Maybe this should be in Nostupidquestions as I’m aware the moon exists. And I guess there may be an orbit zone where things tend to remain in orbit. But curious…
The full context question is: For man-made satellites, would they benefit by having a “Self destruct” button?
Sure it may add more debris but since an explosion would scatter debris in all directions, anything flung up or down would cause it to get out of this geostationary zone/band… And hopefully come crashing down to Earth, reducing overall debris? Compared to an abandoned satellite, remaining in orbit and breaking down due to relatively low energy collisions with surrounding debris.
Basically I’m trying to justify self destruct buttons. Thank you!
All orbits require very minimal maintenance, the closer to earth, the more maintenance required . Far enough out, and its basically maintence free, except for avoiding other debris.
The problem with an explosive self destruct is that not all debris will go down into lower orbits, some with go higher and therefore take even longer to deorbit. Its also a lot easier to track one dead satellite instead of thousands of minute particles.

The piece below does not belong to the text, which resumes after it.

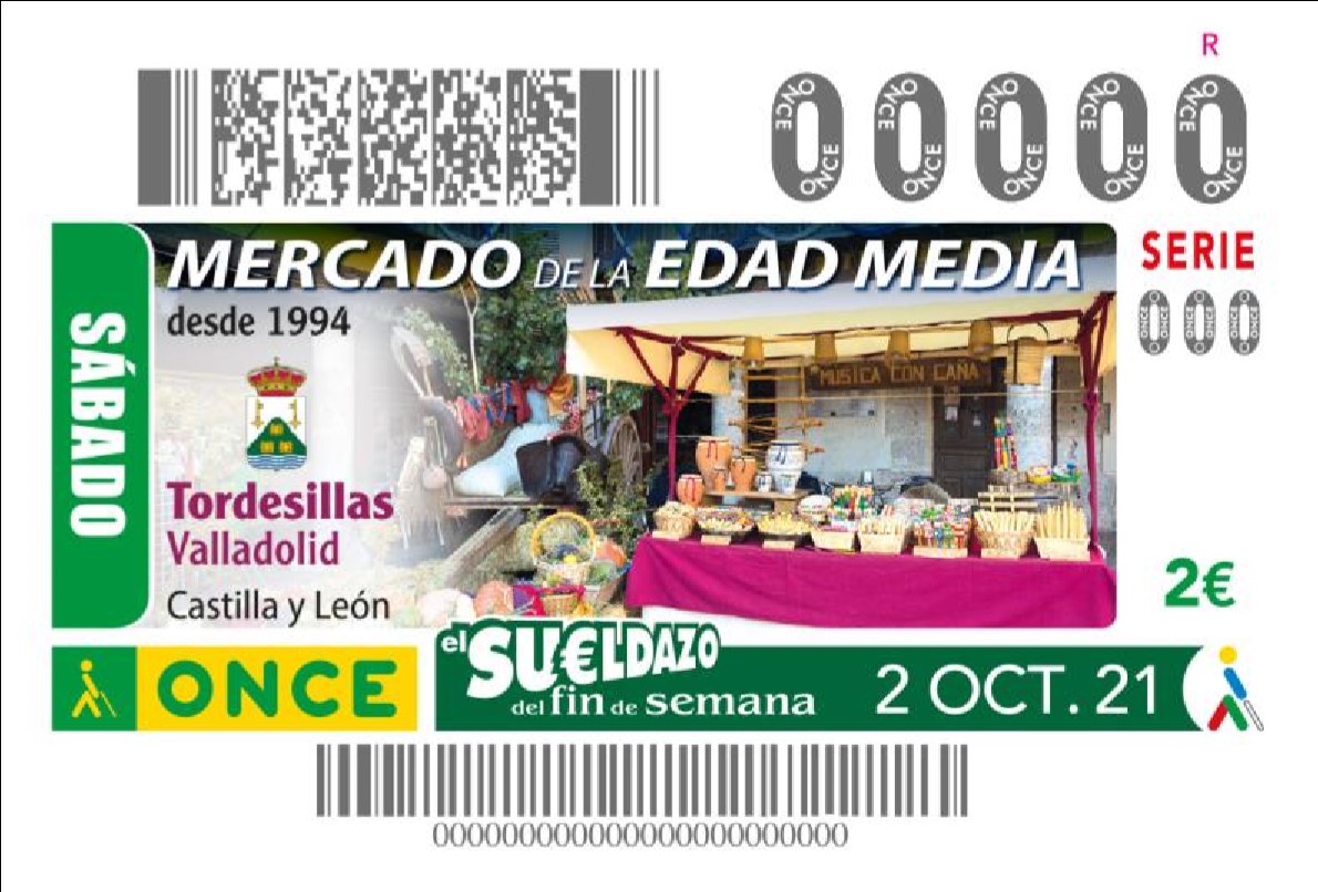 El cupón de la ONCE del sábado, 2 de octubre, se traslada al Mercado de la Edad Media de Tordesillas, que lo protagoniza. Cinco millones y medio de cupones difundirán esta vuelta al medievo.

And ideal “self-destruct button” would actually be a thruster firing in the direction of travel, which would slow it down and drag it into the earth, or if facing the other way, boost it up to a “graveyard” orbit. Both these exist on many satellites already.
Wont you eventually leave orbit if you are too far away?

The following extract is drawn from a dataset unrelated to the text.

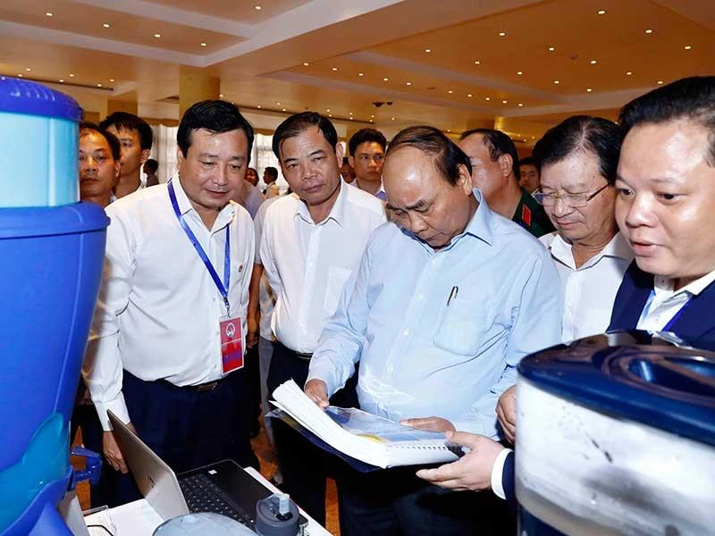 Thủ tướng Nguyễn Xuân Phúc tham quan các gian hàng triển lãm công nghệ trong hội nghị sáng 20-6. Ảnh: M.HIỀN

As an addendum to this comment:
The moon is also a source of orbital pull and does affect everything on the inside of its orbit and is probably the most significant source of disturbance at geostationary distances.Thank you for your response!

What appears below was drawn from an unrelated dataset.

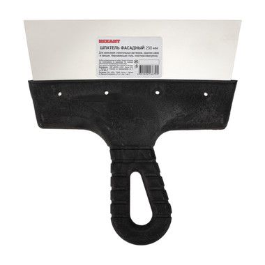 Фасадный шпатель оснащен эргономичной пластмассовой ручкой с рифлением, которая обеспечивает надежный хват инструмента, при использовании, в том числе, в грубых строительных перчатках. Основной рабочей частью шпателя является металлическое полотно, поэтому для производства шпателей мы используем нержавеющую сталь марки AISI 201 толщиной 0,4 мм высоконагартованную (1500 н/мм). Сталь данной марки обладает улучшенными механическими свойствами, исключающими деформацию полотна в процессе работы.

Pardon my crappy drawing and simplification… trying to understand…
- So Zone 1 requires a lot of maintenance energy
- Zone 2 may be maintenance free zone
- Zone 3 may require more energy than Zone 2 but less than Zone 1
- And finally Zone 4 will be even less energy to stay in orbit but needs more energy to stay in line due to increased travel distance
Is that right?
But yes, there goes my self destruct notion down the drain.
There is no orbit altitude that requires more energy to maintain than a lower altitude.
Zone 1 requires more reboosting that 2, which requires more than 3, which requires more than 4. I dont know the exact relationship, (someone else might know), but we can consider it linear for simplification. The further away from earth, there will be less atmospheric drag, which means a longer stable orbit.
The travel distance doesn’t really change anything, it doesn’t affect the orbit stability.
Think of it like this spring. Your satellite can start at any point, and with no additional energy, Itll follow the path all the way down to the middle (earth). Start low, and itll reach ground quickly, start high, and itll take a lot longer. There is no energy required to stay on the spiral path. Once the sat is low enough, you may want to reboost, which is when you need to use energy to jump up to a higher point on the spiral, at which the path continues.
Sorry to disappoint, but exploding something at GEO would make things worse.
All satellites in orbit of Earth will experience atmospheric drag. Even the Moon is bumping into gas atoms.
Geostationary satellites will eventually fall. It might take millions of years, but eventually the thin atmosphere will slow those satellites down enough that their orbit will fall into the thick, lower atmosphere where they’ll burn up or crash into the Earth’s surface.
Exploding a satellite up there will just make a shotgun spray of projectiles that will still take millions of years to fall. Assuming the projectiles shoot off in all directions fairly evenly, then the ones that get shot backwards relative to the motion of the satellite will end up in a lower orbit that will decay faster. The pieces that get shot forward might actually escape Earth orbit all together and become little asteroids orbiting the Sun.
The thing that’s special about geostationary orbit isn’t that the orbit of things at that altitude does not decay. That altitude is special because at that altitude, orbital speed is equal to the Earth’s rotational speed. A satellite at that altitude over the equator will remain over that same longitude - it won’t rise and set like the Moon, it will remain in the same spot overhead both night and day.
Most modern GEO sats actually have dedicated end-of-life fuel reserves specifically to boost themselves into that “graveyard orbit” about 300km higher than GEO, where they’ll stay for basically eternity without interfering with active satellites.